**ACTIVITY:** An exact restatement of the entire listing is needed, excluding all images.

═══ SUPPLIED MATERIAL ═══

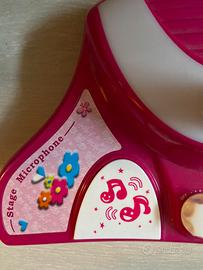 Microfono da palcoscenico I Girl Bontempi; asta regolabile, brani preregistrati, regolazione del volume e degli effetti applausi, effetti luminosi, facile da montare. Batterie da sostituire
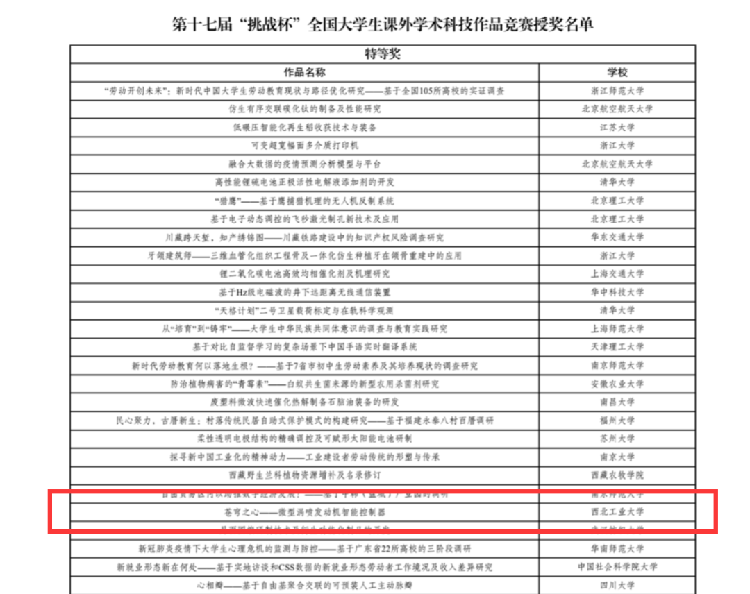 经过激烈角逐,我校在2021年“挑战杯”国赛中荣获特等奖1项(全国共49项,陕西仅2项),一等奖与二等奖各1项,三等奖3项。
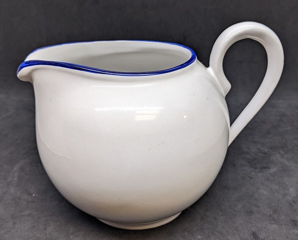 Creamer has Blue Trim -- Measures 6" Spout to Handle x 3.5" High
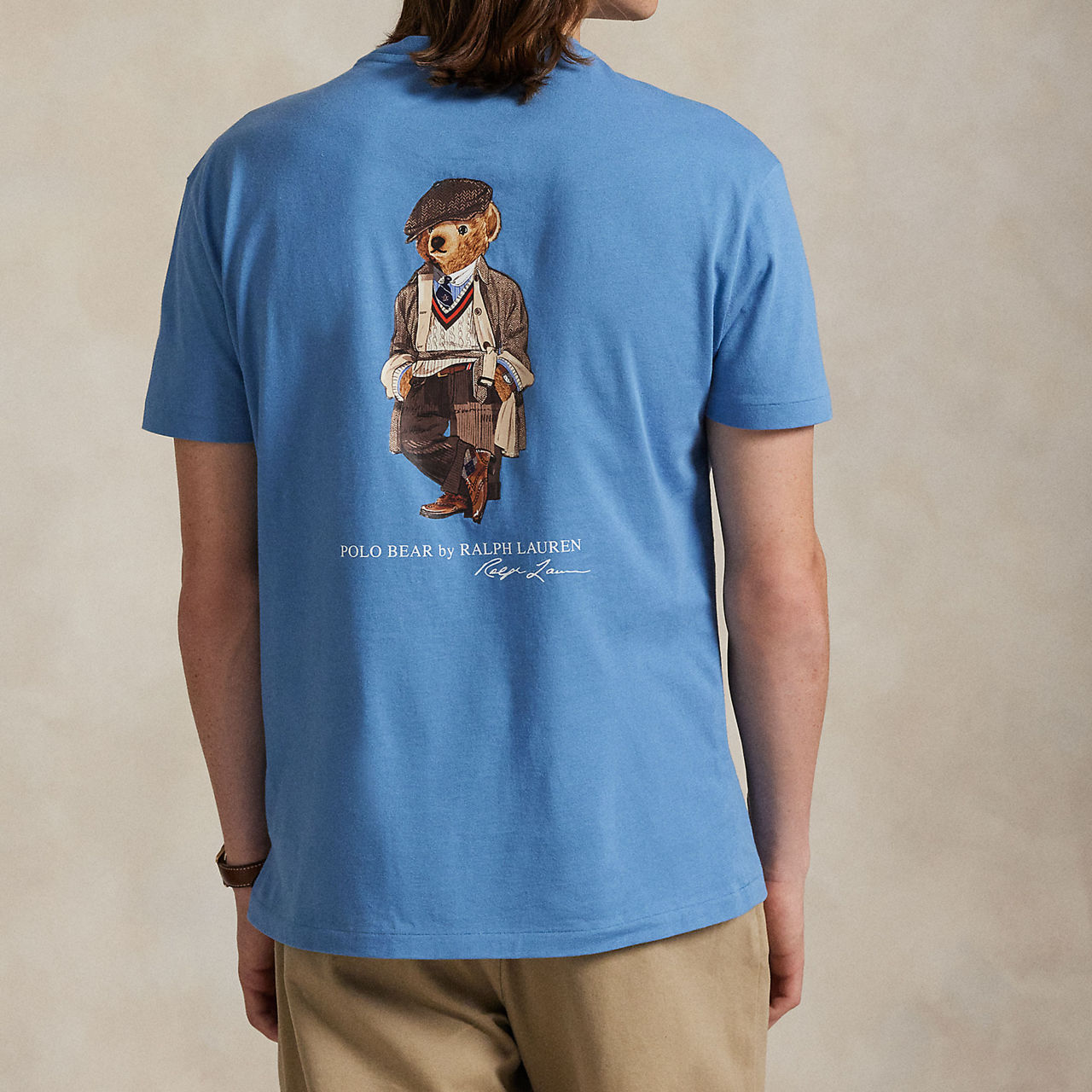 - Crew neck, short sleeves, straight hem, left chest patch pocket with logo detail, Polo Bear and logo script print at centre back

═══

**ANSWER BOX:**
 Microfono da palcoscenico I Girl Bontempi; asta regolabile, brani preregistrati, regolazione del volume e degli effetti applausi, effetti luminosi, facile da montare. Batterie da sostituire
 经过激烈角逐,我校在2021年“挑战杯”国赛中荣获特等奖1项(全国共49项,陕西仅2项),一等奖与二等奖各1项,三等奖3项。
 Creamer has Blue Trim -- Measures 6" Spout to Handle x 3.5" High
 - Crew neck, short sleeves, straight hem, left chest patch pocket with logo detail, Polo Bear and logo script print at centre back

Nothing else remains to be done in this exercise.